Beau Williamson's Book (Developing IP Multicast Networks, Vol I),
covers this fairly intensively
in Chapter 14, for IGMP v1 and v2. The big difference here for v3 is
that (4.2.14 from RFC 3376)

   Version 3 Reports are sent with an IP destination address of
   224.0.0.22, to which all IGMPv3-capable multicast routers listen.  A
   system that is operating in version 1 or version 2 compatibility
   modes sends version 1 or version 2 Reports to the multicast group
   specified in the Group Address field of the Report.  In addition, a
   system MUST accept and process any version 1 or version 2 Report
   whose IP Destination Address field contains *any* of the addresses
   (unicast or multicast) assigned to the interface on which the Report
   arrives.

So v3 IGMP membership reports are associated with a specific MAC
address, whereas v1 and v2
IGMP reports are sent along with the (typically much higher data rate)
multicast group traffic using the group MAC address. Thus it is much
easier to filter out the IGMP v3 traffic.

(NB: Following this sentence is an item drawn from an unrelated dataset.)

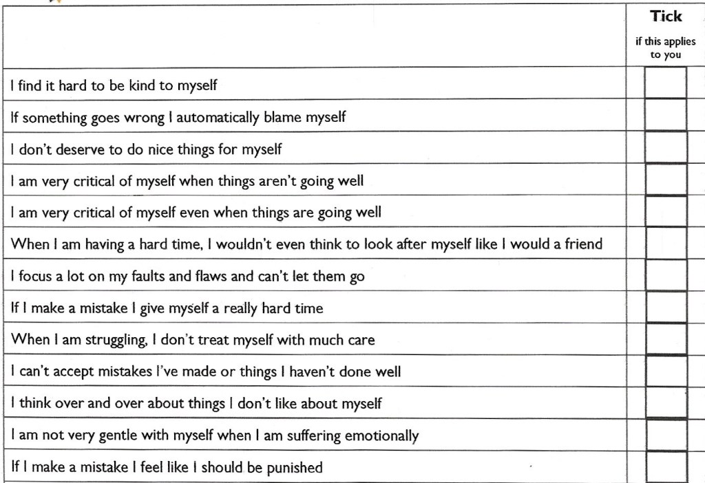 How many did you need to write down? If someone else was doing this exercise and had written down all the things you did, what would you say to them? If your inner child felt the same way you do, what would you say to him/her? Can you see how hard you are on yourself? Do you think that’s fair? If someone else was being hard on themselves, what would you say? Do you think other people deserve to do kind things for themselves? What would you say to a friend who was focusing on all their faults and flaws? How would you treat a young person who was suffering emotionally? What kinds of things do you think people should be punished for? Why do you think you are any different than all those “other” people? I think that is an extremely important question. I would have to ask myself, am I different? How am I different? Do I need to be better than everyone else? Well, you might say yes, but that would be a core belief. One that needs to be challenged. You can get some ideas on how to change core beliefs from my post on Self-Esteem Part 3. Remember that if you find yourself really struggling with this that help is out there, you just need to ask.

On Thu, 16 Dec 2004 17:34:15 +0100, Bryan McLaughlin (brmclaug)
<brmclaug@cisco.com> wrote:
>  
> Keerthi 
>   
> Inline 
>   
> ________________________________
>  From: magma-bounces@ietf.org [mailto:magma-bounces@ietf.org] On Behalf Of
> keerthi.jayaram@wipro.com
> Sent: 16 December 2004 13:27
> To: magma@ietf.org
> Subject: [magma] Questions with IGMP Snooping
> 
>  
>  
> Hello, 
> I have the following doubt regarding IGMP Snooping. 
>   
> 1)Once the IGMP Snooping is completed and a mapping is done between the IP
> multicast Address and the MAC Multicast address, will the switch with the
> IGMP Snooping code also snoop the Multicast IP packets coming from the
> Multicast router to the switch? 
> [BMc>] a snooping switch will look at IGMP packets only. 
>   

What Bryan means is that the Switch CPU should look at IGMP packets only;
to do this, it is not enough to look at the Ethernet MAC address in
IGMP v1 / v2, but also the IP header.
Beau describes why you really don't want to do IP header inspection in
the CPU, but lower
down in the switching engine. This is not a problem for v3.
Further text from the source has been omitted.